November 14, 2011 12:00:00 AM PST
In an exclusive Eyewitness News investigation, we first introduced you to James Farkus Cohan back in August. He had filed 176 lawsuits against local small-business owners, claiming to be disabled with end-stage emphysema. But we found him hiking up a steep mountain. Now, he's back.

Cohan dropped his pending lawsuits after our first story aired, but he has since filed more than a dozen new lawsuits - and he has also threatened to sue Eyewitness News.

It was just about noon, and Cohan was out for his daily hike on steep terrain, especially for someone who claimed in a March 2011 lawsuit to have end-stage emphysema, a condition that limits his ability to walk, work, speak and breathe.

Two hours after that hike, Eyewitness News caught up with Cohan in court -- on crutches.

Cohan has filed 15 new lawsuits over alleged violations of the Americans With Disabilities Act since our first story aired.

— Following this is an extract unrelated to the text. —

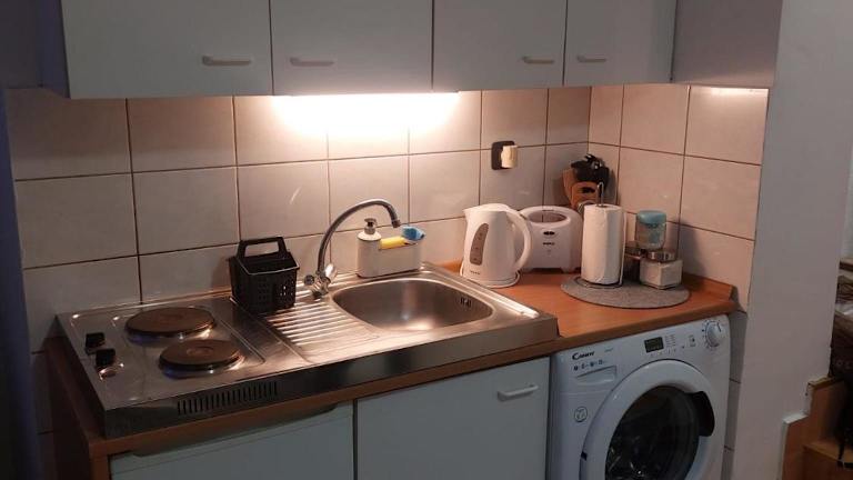 Das Studio KID bietet ein gemütliches Apartment mit einem Schlafzimmer und einem separaten Wohnzimmer. Die voll ausgestattete Küchenzeile verfügt über einen Kühlschrank und einen Wasserkocher. Das Badezimmer ist mit einer Badewanne oder Dusche und einem Haartrockner ausgestattet. Handtücher und Bettwäsche werden gestellt, um Ihren Aufenthalt so angenehm wie möglich zu gestalten.
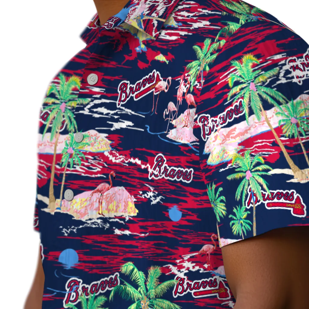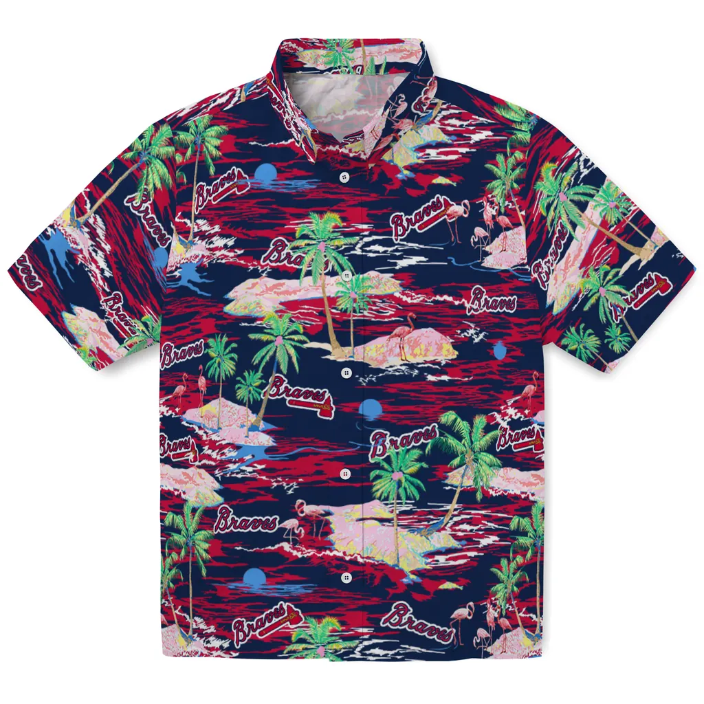 Show your Atlanta Braves spirit in tropical style. Beach island scenes with flamingos and team logo for a summer-ready Hawaiian shirt. Available for men, women and kids. Great for matching looks.

They're all in small-claims court, where he does not need a lawyer.

Among the small businesses being sued are two bicycle shops in Burbank, including one owned by a man who truly is disabled. Cohan is also suing Coif Salon in Studio City, where eyelash extensions and airbrush tanning are on the menu of services.

Cohan demanded $7,500 from Armon's Restaurant in Eagle Rock.

Cohan lost that round, but says it's not over yet.

Asked what's next, Cohan replied, "What's next is to sue people who are not in compliance. You don't have to be disabled to bring a suit against somebody."

That's not true, according to Pasadena attorney Jim Link, who has been tracking Cohan cases since 2007.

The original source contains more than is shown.